Ara, I still believe the error is in the script (see my other posting).

Kind regards

robert

···

2006/7/6, ara.t.howard@noaa.gov <ara.t.howard@noaa.gov>:

i'm using ef (electric fence) to show the memory corruption in this script.
to cause it corrupt memory use

   CORRUPT=true ef ruby bug.rb

file: bug.rb

     require 'sync'

     class A
       def initialize
         extend Sync_m
         @observers =
       end
       def meth
         synchronize(:EX){
           @observers.each do |o|
             if ENV['CORRUPT']
               o.notify nil
             else
               o.notify
             end
           end
         }
       end
       def add_observer o
         synchronize(:EX){
           @observers << o
         }
       end
     end

     class B
       def initialize a
         @a = a
         @a.add_observer self
       end
       def notify *a
         Thread.new{ @a.meth }
       end
     end

     a = A.new
     b = B.new a
     a.meth
     STDIN.gets

note that it is the simple passing, or not, of arguments to the notify method
which triggers the bug. perhaps this will yield some hints.

regards.

-a
--
suffering increases your inner strength. also, the wishing for suffering
makes the suffering disappear.
- h.h. the 14th dali lama

--
Have a look: Robert K. | Flickr

3

hi robert-

i never saw any post!? maybe mailing issues again? sigh...

can you re-state?

regards.

-a

···

On Thu, 6 Jul 2006, Robert Klemme wrote:

Ara, I still believe the error is in the script (see my other posting).

Kind regards

robert

--
suffering increases your inner strength. also, the wishing for suffering
makes the suffering disappear.
- h.h. the 14th dali lama

4

> Ara, I still believe the error is in the script (see my other posting).
>
> Kind regards
>
> robert

hi robert-

i never saw any post!? maybe mailing issues again? sigh...

can you re-state?

No prob. I'll put you on CC - just in case.

robert

···

2006/7/6, ara.t.howard@noaa.gov <ara.t.howard@noaa.gov>:

On Thu, 6 Jul 2006, Robert Klemme wrote:

2006/7/6, ara.t.howard@noaa.gov <ara.t.howard@noaa.gov>:

On Thu, 6 Jul 2006, Tom Rauchenwald wrote:

> ara.t.howard@noaa.gov writes:
>
>> any idea why this script slows downs drastically as it runs and seems to leak
>> memory?
>
> First, I'm not a Ruby expert or something, but..
>
> [Code skipped]
>
>> switch = Switch.new
>
> Here you create the switch.
>
>> toggle = SwitchToggle.new switch
>
> Here, toggle is created and registered as listener (in the constructor)
>
>> switch.on!
>
> So now you switch it on.
> Toggle gets notified, and creates a thread that switches it off.
> But when that Thread switches it off, toggle gets notified, and starts a
> thread that switches it on again..
> Basically it's an infinite loop, and i suspect it's leaking because GC
> doesn't kick in.

it would be, but the synchronize prevents two threads from entering any of the
Switch methods at a time so only thread can actually be running at once.

Yes, but they are still queued up against the mutex.
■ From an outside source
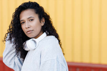 Beautiful happy dark skinned african american ethnicity woman in yellow tshirt while looking in camera with pleasant smile, posing against gray green studio wall background
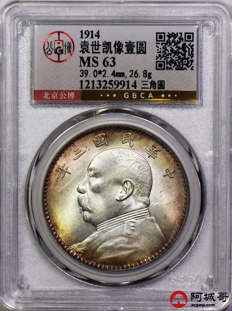Lot:2 五彩曝光三年大头三角圆GBCA MS63

I completely
agree with Tom's analysis. Having an Observer trigger the
notification again is definitively a bad idea - at least if events are
not queued up.

Kind regards

robert

--
Have a look: http://www.flickr.com/photos/fussel-foto/

5

ah - but they are indeed queued - this is precisely what sync.rb is supposed
to do. you can prove this for yourself by adding

   p 'Thread.list.size' => Thread.list.size

in the notify method. if you do so you'll see something like

   on @ 1152201072.40667
   {"Thread.list.size"=>1}
   off @ 1152201072.41042
   {"Thread.list.size"=>2}
   on @ 1152201072.41508
   {"Thread.list.size"=>3}
   off @ 1152201072.4219
   {"Thread.list.size"=>3}
   on @ 1152201072.43386
   {"Thread.list.size"=>2}
   off @ 1152201072.44186
   {"Thread.list.size"=>3}
   on @ 1152201072.46079
   {"Thread.list.size"=>2}

the number of threads running will never exceed three. the bug does not seem
to be directly caused by sync.rb in any case. here is a more minimal script
which will produce the error:

     require 'sync'
     class A
       def initialize
         extend Sync_m
         @observers =
       end
       def meth
         synchronize(:EX){
           @observers.each do |o|
             if ENV['CORRUPT']
               o.notify nil
             else
               o.notify
             end
           end
         }
       end
       def add_observer o
         synchronize(:EX){
           @observers << o
         }
       end
     end

     class B
       def initialize a
         @a = a
         @a.add_observer self
       end
       def notify *a
         Thread.new{ @a.meth }
       end
     end

     a = A.new
     b = B.new a
     a.meth
     STDIN.gets

if you run it normally

   ruby a.rb

it will run fine. if you run with

   CORRUPT=true ruby a.rb

you will trash memory. if you have ef and do

   CORRUPT=true ef ruby a.rb

electric fence will core dump almost immediately.

note that the only difference between crashing and not is calling notify with
and argument - when that occurs the number of threads will remain steady, but
the GC will stop collecting finished threads even though no reference to them
is held.

regards.

-a

···

On Thu, 6 Jul 2006, Robert Klemme wrote:

Yes, but they are still queued up against the mutex. I completely agree
with Tom's analysis. Having an Observer trigger the notification again is
definitively a bad idea - at least if events are not queued up.

--
suffering increases your inner strength. also, the wishing for suffering
makes the suffering disappear.
- h.h. the 14th dali lama

6

> Yes, but they are still queued up against the mutex. I completely agree
> with Tom's analysis. Having an Observer trigger the notification again is
> definitively a bad idea - at least if events are not queued up.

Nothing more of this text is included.